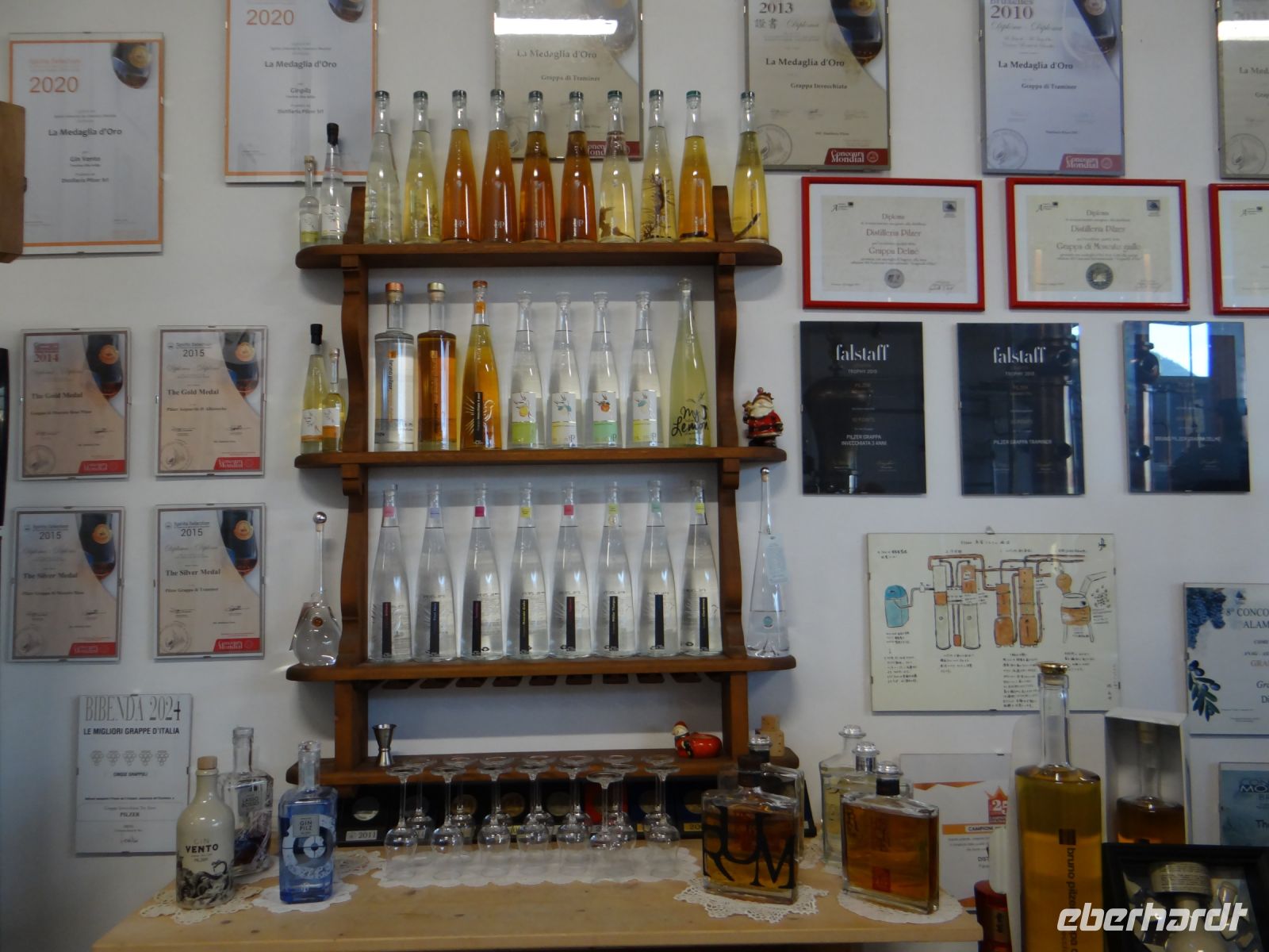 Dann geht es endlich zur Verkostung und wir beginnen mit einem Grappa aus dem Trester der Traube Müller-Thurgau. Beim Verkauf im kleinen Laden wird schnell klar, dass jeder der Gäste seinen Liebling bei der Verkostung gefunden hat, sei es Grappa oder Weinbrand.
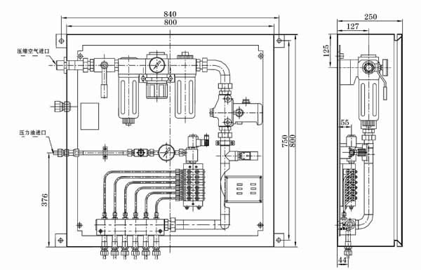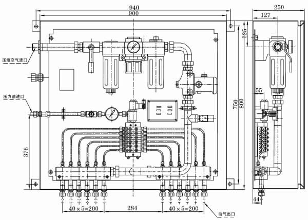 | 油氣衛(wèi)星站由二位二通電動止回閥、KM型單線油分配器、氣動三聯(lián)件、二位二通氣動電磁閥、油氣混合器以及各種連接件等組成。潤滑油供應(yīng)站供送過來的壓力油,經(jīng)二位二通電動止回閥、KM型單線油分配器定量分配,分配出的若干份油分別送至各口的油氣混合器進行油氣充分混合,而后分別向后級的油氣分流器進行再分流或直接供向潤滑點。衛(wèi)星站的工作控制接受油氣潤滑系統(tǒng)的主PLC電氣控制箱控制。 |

★ ★ ★

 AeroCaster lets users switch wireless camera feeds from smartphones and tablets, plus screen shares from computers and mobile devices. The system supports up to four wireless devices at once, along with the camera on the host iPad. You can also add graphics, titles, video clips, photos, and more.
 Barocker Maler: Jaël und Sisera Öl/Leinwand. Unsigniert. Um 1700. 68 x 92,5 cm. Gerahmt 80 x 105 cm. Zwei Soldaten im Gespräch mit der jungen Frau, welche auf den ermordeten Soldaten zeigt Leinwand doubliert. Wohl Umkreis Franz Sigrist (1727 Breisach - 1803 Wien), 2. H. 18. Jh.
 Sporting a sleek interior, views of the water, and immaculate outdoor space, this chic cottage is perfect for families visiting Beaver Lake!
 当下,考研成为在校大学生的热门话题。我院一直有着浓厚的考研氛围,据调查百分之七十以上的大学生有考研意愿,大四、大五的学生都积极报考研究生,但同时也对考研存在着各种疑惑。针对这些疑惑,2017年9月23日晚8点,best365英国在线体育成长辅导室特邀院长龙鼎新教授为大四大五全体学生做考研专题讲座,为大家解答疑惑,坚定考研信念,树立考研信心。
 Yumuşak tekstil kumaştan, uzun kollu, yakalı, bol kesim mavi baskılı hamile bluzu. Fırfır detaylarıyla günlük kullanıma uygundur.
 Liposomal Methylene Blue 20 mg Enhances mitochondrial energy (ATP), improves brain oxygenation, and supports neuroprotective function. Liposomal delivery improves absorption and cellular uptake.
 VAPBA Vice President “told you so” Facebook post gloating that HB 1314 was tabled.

★ ★ ★

**WHAT TO WORK ON:**
Since only part of the listing is wanted, copy exactly the lines from the one holding "Barocker Maler: Jaël" to the one holding "Yumuşak tekstil kumaştan, uzun", both included.

**WRITTEN ANSWER:**
 Barocker Maler: Jaël und Sisera Öl/Leinwand. Unsigniert. Um 1700. 68 x 92,5 cm. Gerahmt 80 x 105 cm. Zwei Soldaten im Gespräch mit der jungen Frau, welche auf den ermordeten Soldaten zeigt Leinwand doubliert. Wohl Umkreis Franz Sigrist (1727 Breisach - 1803 Wien), 2. H. 18. Jh.
 Sporting a sleek interior, views of the water, and immaculate outdoor space, this chic cottage is perfect for families visiting Beaver Lake!
 当下,考研成为在校大学生的热门话题。我院一直有着浓厚的考研氛围,据调查百分之七十以上的大学生有考研意愿,大四、大五的学生都积极报考研究生,但同时也对考研存在着各种疑惑。针对这些疑惑,2017年9月23日晚8点,best365英国在线体育成长辅导室特邀院长龙鼎新教授为大四大五全体学生做考研专题讲座,为大家解答疑惑,坚定考研信念,树立考研信心。
 Yumuşak tekstil kumaştan, uzun kollu, yakalı, bol kesim mavi baskılı hamile bluzu. Fırfır detaylarıyla günlük kullanıma uygundur.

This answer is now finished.